Every night while I'm here, I'm grateful to get through another night. Like it's another check mark on the nearly six-week stay in St. Louis.

I'm not nearly as comfortable here. I only have a handful of clothes to wear, which I have to rotate every couple days. Getting something in the kids' mouths is a major project. But I keep thinking about how this is only temporary and in less than a month now, I'll be back home in my comfortable house where I have everything I need and I know exactly what to expect.

While I'm here, I try to help out with the things my dad needs. I fill up a cup with ice chips and I feed them to him. I try to intervene when my mom pushes food on my dad. He doesn't want it. He has no appetite. But my mom acts like it's a personal affront that he wouldn't want to eat the food she's offering him. If I'm feeding him, he asks me to dump a shake or take the food away. And I do it. Not because I want him to die--which I know starving himself will end up ultimately--but because I want him to be happy. And food does not make him happy. It stresses him out, like it does to me when I'm holding it up to his mouth. He likes the ice chips and I'll feed them to him, until he asks me to stop with the ice chips.
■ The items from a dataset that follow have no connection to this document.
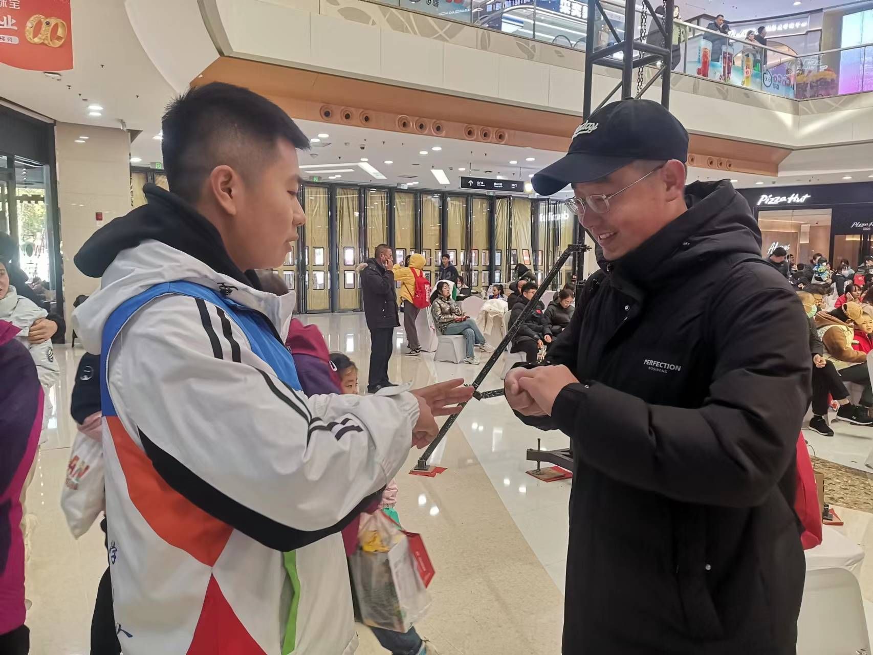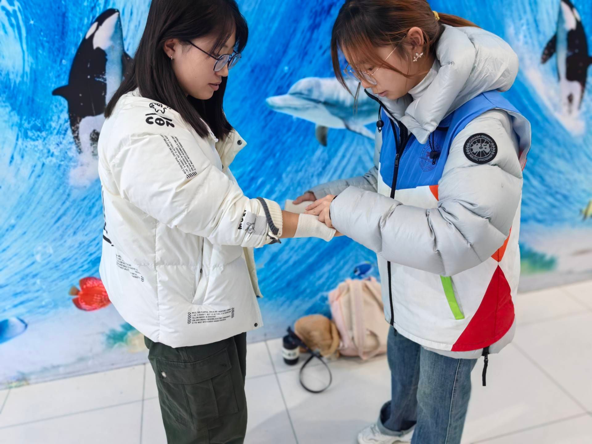 在爱琴海购物公园,队员们向商场群众现场讲解如何进行心肺复苏、如何使用绷带进行急救包扎等急救知识,并利用绷带演示了对手部、腿部进行快速止血与包扎的操作,鼓励大家动手实践,增强了群众体验感。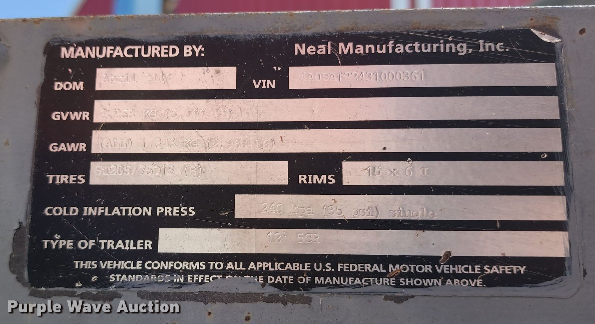 Purple Wave is selling a used Car or Utility Trailer in Missouri. This item is a 2003 Neal Manufacturing utility trailer with the following: VIN: 4A0BA122431000361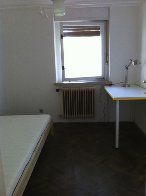 3. ENOPOSTELNJA SOBA (najemnina: 135 EUR/mesec za sobo + tekoči stroški na osebo: 100 EUR/mesec). Manjša in prijetna enoposteljna soba s souporabo skupne kuhinje, kopalnice in vrta.

I know what the end result of this trip is probably going to be. I've accepted it. It doesn't mean I don't love my dad. I do. But if you look at the big picture, our life here is just a trip, a temporary ground where we do things, check mark each day, but we aren't quite as comfortable as we will be at our "real" home.

When my dad can be released from his body, he'll be free again. I have to look at it that way. It's the only way I can be on his side of the food struggle.

As I watched him today, I saw him grasp for breath, saw his body shake. I watched him wince in pain while he's sleeping. I know his check-marked days are dwindling.

I can only hope that Miranda is somewhere closeby when his trip is over.